I knew him only by reputation, though I’d seen him in the halls. He was a pastor, a professor, a leader, a legend. All the same, he still sat. And he asked me what was on my mind. It was one of those “any port in the storm” sort of times, so I told him. I told him about my predicament. I told him about my fear. And he just listened. He’d ask a question occasionally (maybe just to let me know that he was still engaged); but, for the most part, he just listened. And when I was through, he o ered three sentences of sage counsel that changed my life forever. Then he stood up, shook my hand, wished me well, and disappeared.

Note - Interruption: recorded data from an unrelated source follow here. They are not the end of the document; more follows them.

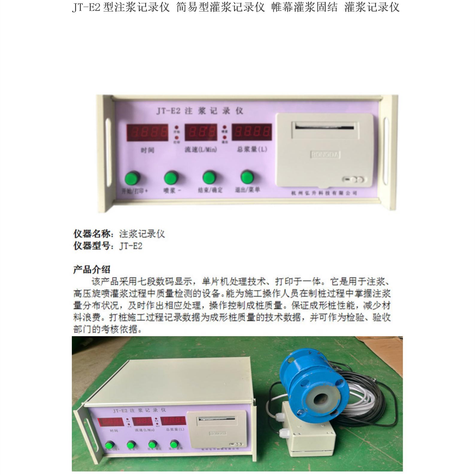 JT-E2灌漿記錄儀、JT-V9型灌漿記錄儀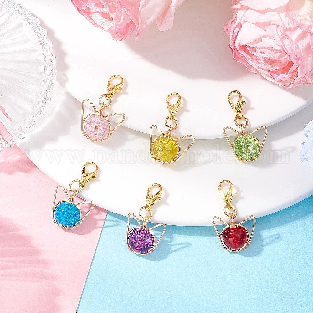 Подвеска в виде головы кошки из медной проволоки, стеклянные бусины, украшения, с цинковым сплавом застежками омаров коготь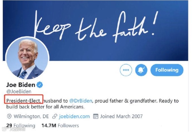 因此,本次大选的结果基本上已成定局。拜登在其推特上的认证也已经改为President-Elect(当选总统)。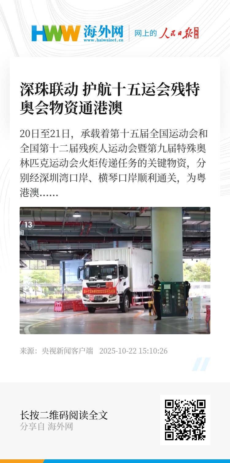 20日至21日,承载着第十五届全国运动会和全国第十二届残疾人运动会暨第九届特殊奥林匹克运动会火炬传递任务的关键物资,分别经深圳湾口岸、横琴口岸顺利通关,为粤港澳三地的火炬传递活动提供保障。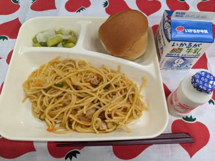 7月9日(火)の給食は「チキントマトスパゲッティ、グリーンアスパラガスとキャベツのサラダ、発酵乳、ミニコッペパン、牛乳」です。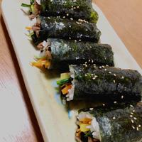 やみつきになる美味しさで箸が止まらない一品です。ご飯に胡麻油の香りが豊かに広がり、たくあんのシャキシャキした食感がアクセントになっています。ほうれん草やにんじんなどの野菜もたっぷり入って栄養バランスも◎。お肉は炒めて使うとより美味しく、具材は家にあるもので気軽にアレンジできます。巻き方のコツは具を控えめにすることで、子供からも好評のおかずになりますよ。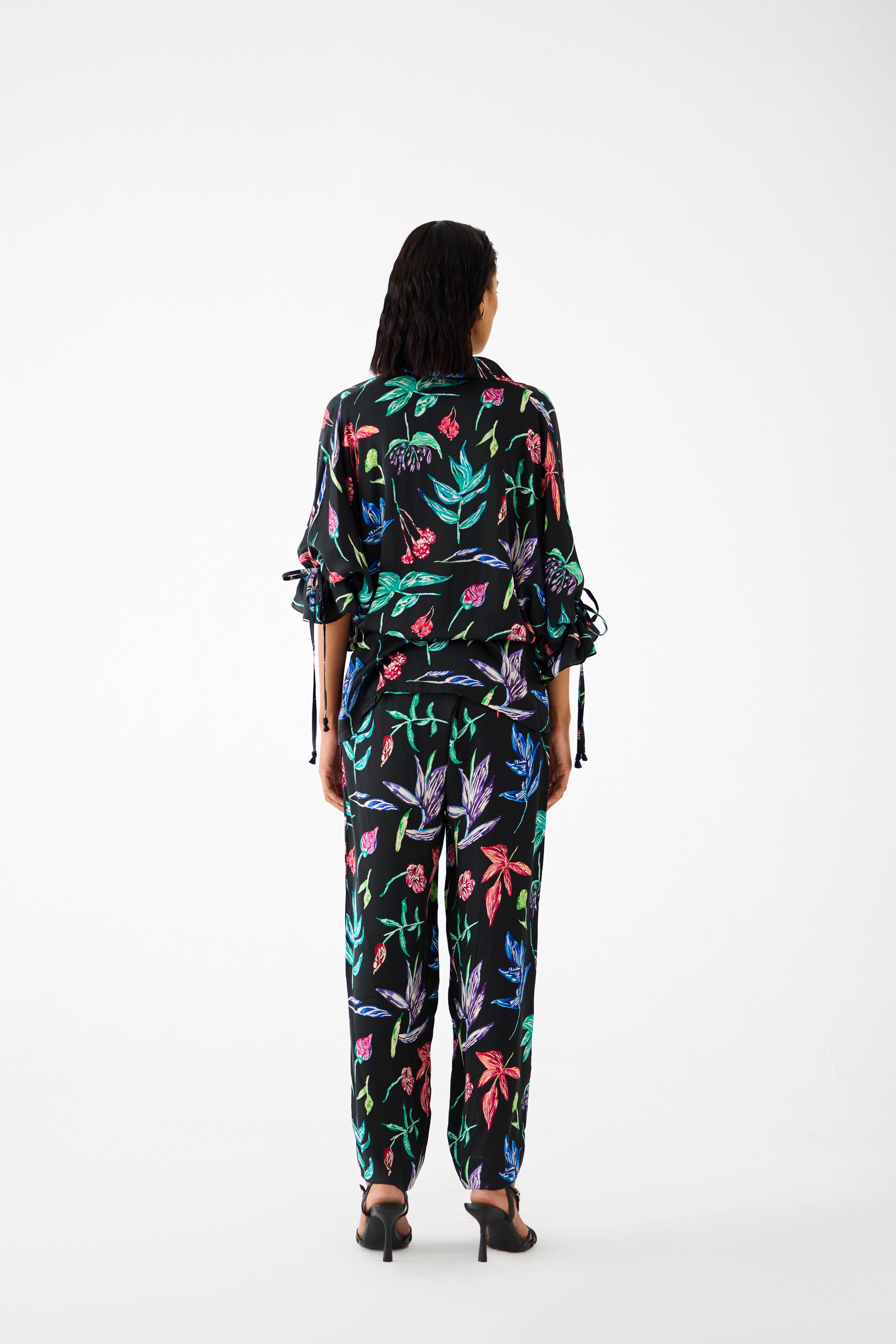 BLACK BOTANICA DRAWSTRING SHIRT AND TROUSERS CO-ORD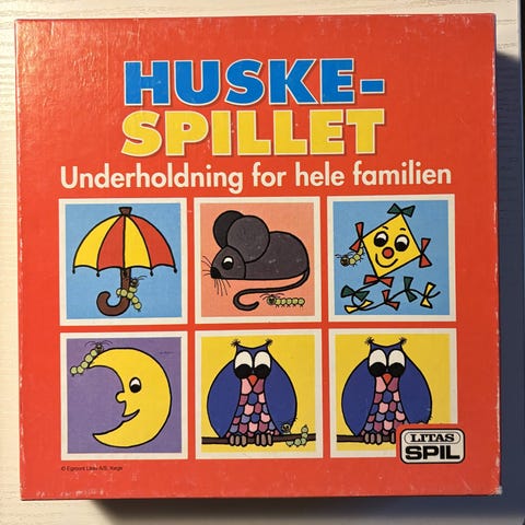 Play Sallys far Huskelspillet brætspil med kort til hukommelsesspil. Spillet indeholder forskellige kort med illustrationer, der skal matches. Egnet til børn og familier, designet til at træne hukommelse og opmærksomhed.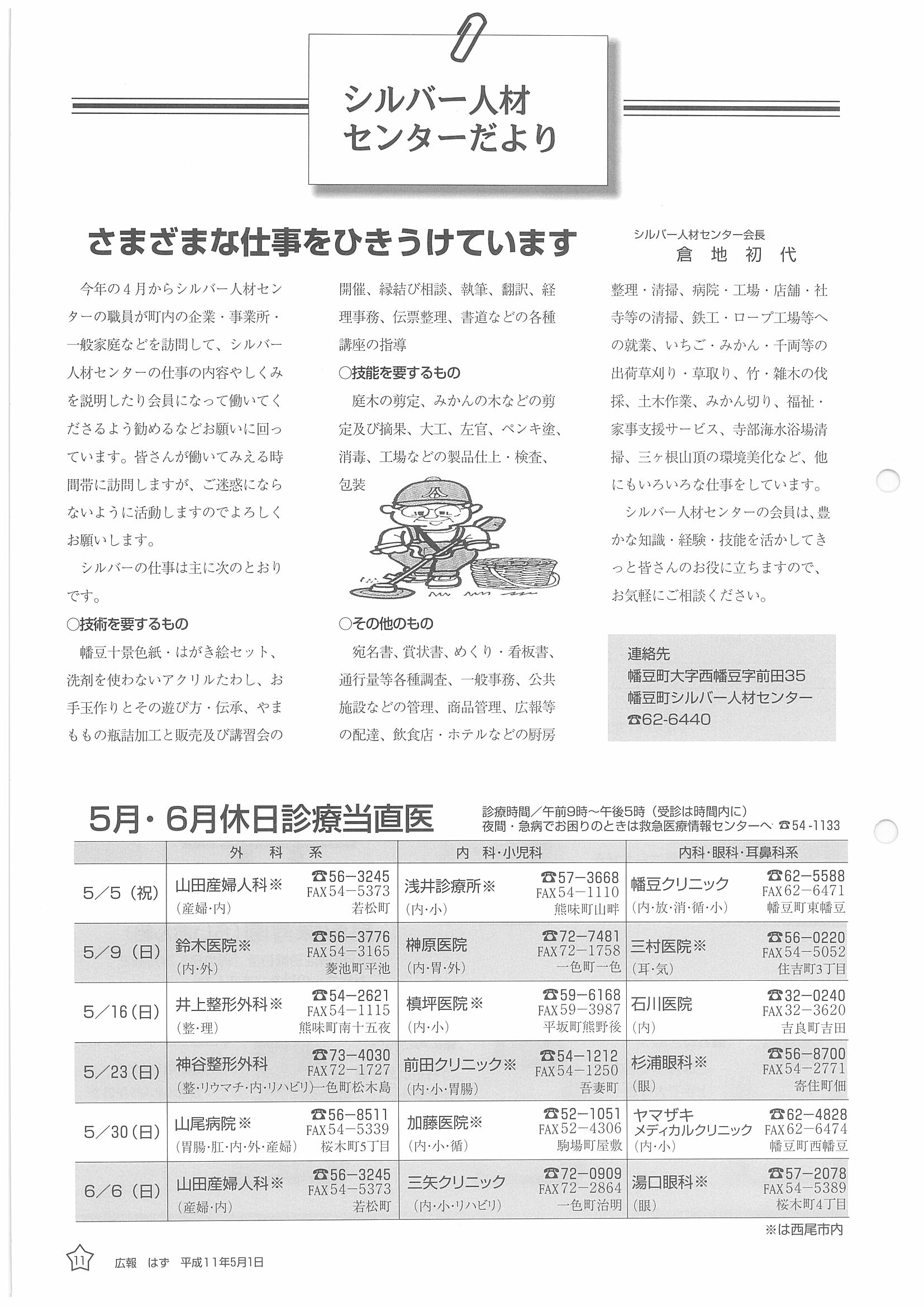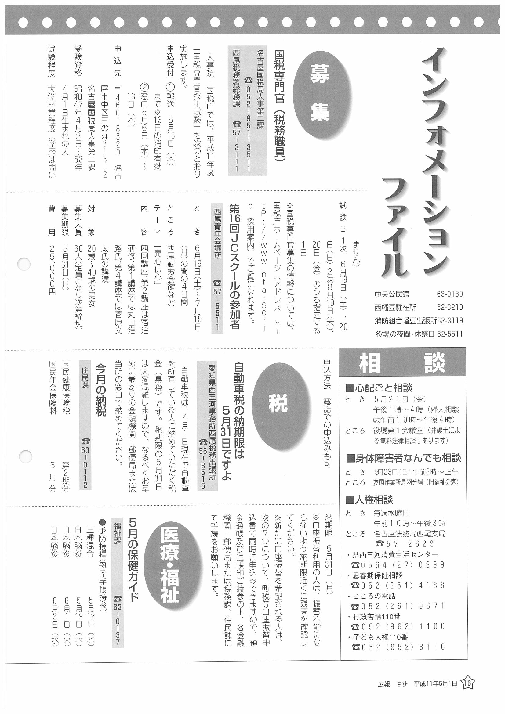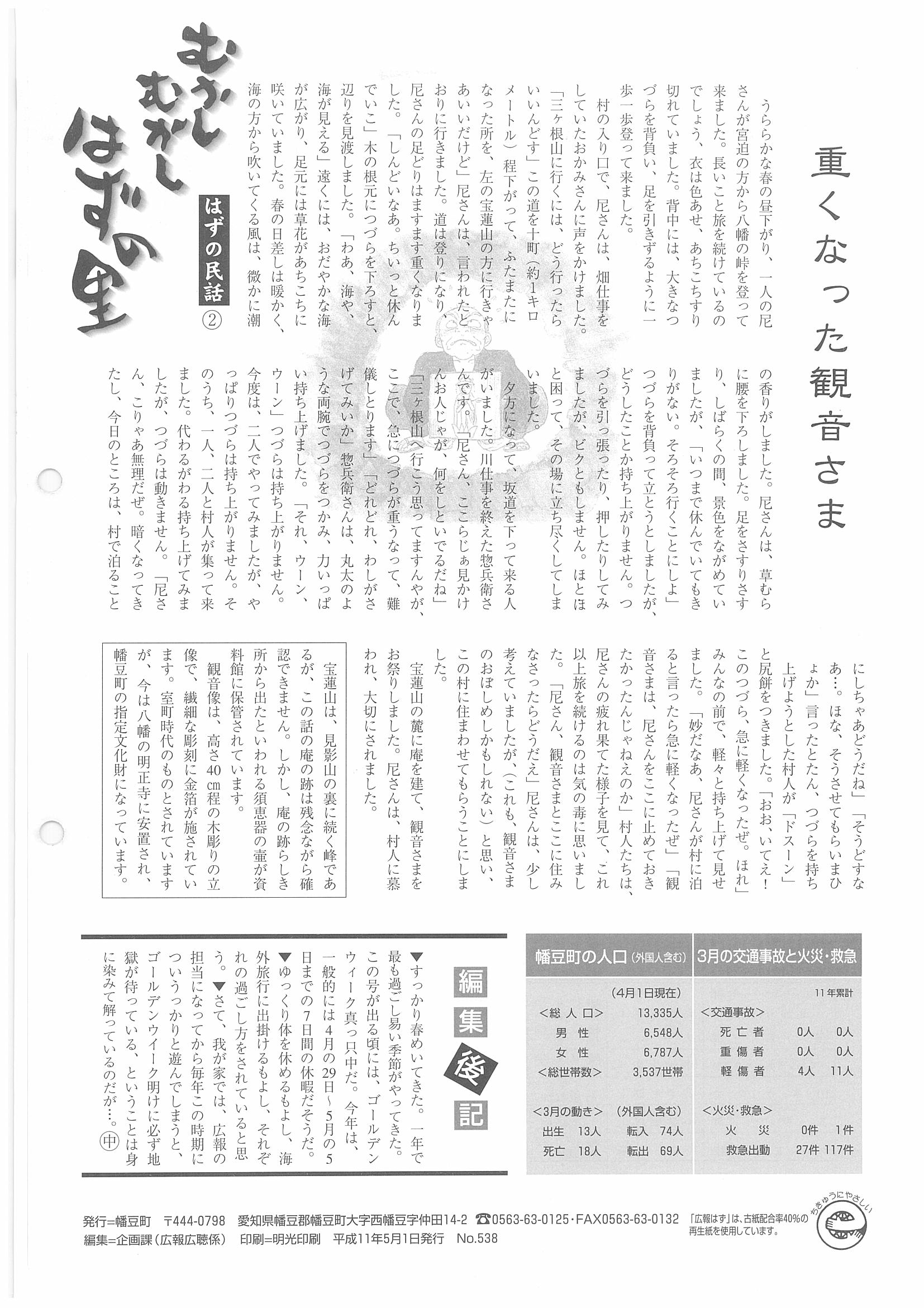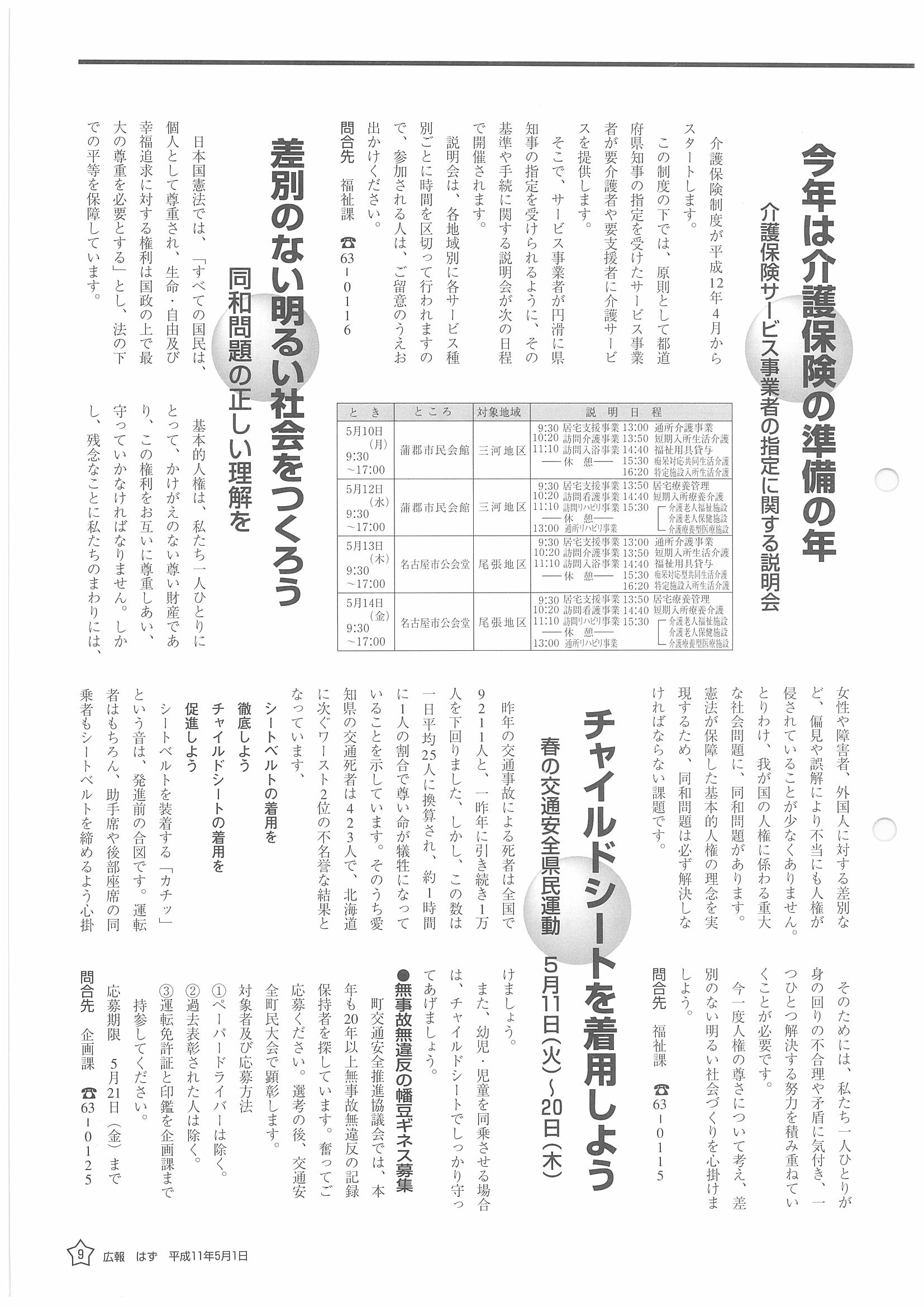 「広報はず」 1999年(平成11年) 5月号 目次

In a world dominated by our schedules and our own self-concern, it was heroic. And I don’t use that word lightly, for not all heroes have capes. And they don’t all wear uniforms. Sometimes, the heroes we need come dressed simply in the attire of the ordinary: ordinary folks doing extraordinary things for others. And that’s the key: for others. That’s what makes a hero – extraordinary selflessness.

So, it is heroic: anytime we will set aside our agendas and plans for another, anytime we’ll give and serve and sacrifice – following the example of our Lord. But that requires deep, internal change. It demands that we abandon our “too-weak, halfhearted desires” that center on our own lives – our time, our money, our priorities, our families, our health, our safety, our convenience, our “mud pies” – to discover the fulfillment we only find in helping and serving and loving one another.

It’s faithful selflessness. Faith-filled selflessness. Heroic selflessness. It is the very call of Christ that thrusts us beyond ourselves, to love something other than our own wants, to pursue something other than our own needs; to love in a higher and truer and purer way: realizing that we need one another, realizing that we are a part of one another inasmuch as Christ is a part of us. It’s a life spent one day at a time, a life spent one moment at a time, trying to outdo one another in gentleness and goodness and compassion; it’s a life of loving in a way that’s blameless and fearless – loving how our Lord loves: with understanding and patience and gratitude and forgiveness. It’s a life wholly (and holy) displeased with our ordinary, “me-first” attitudes that finds itself by losing itself in the way of Jesus Christ.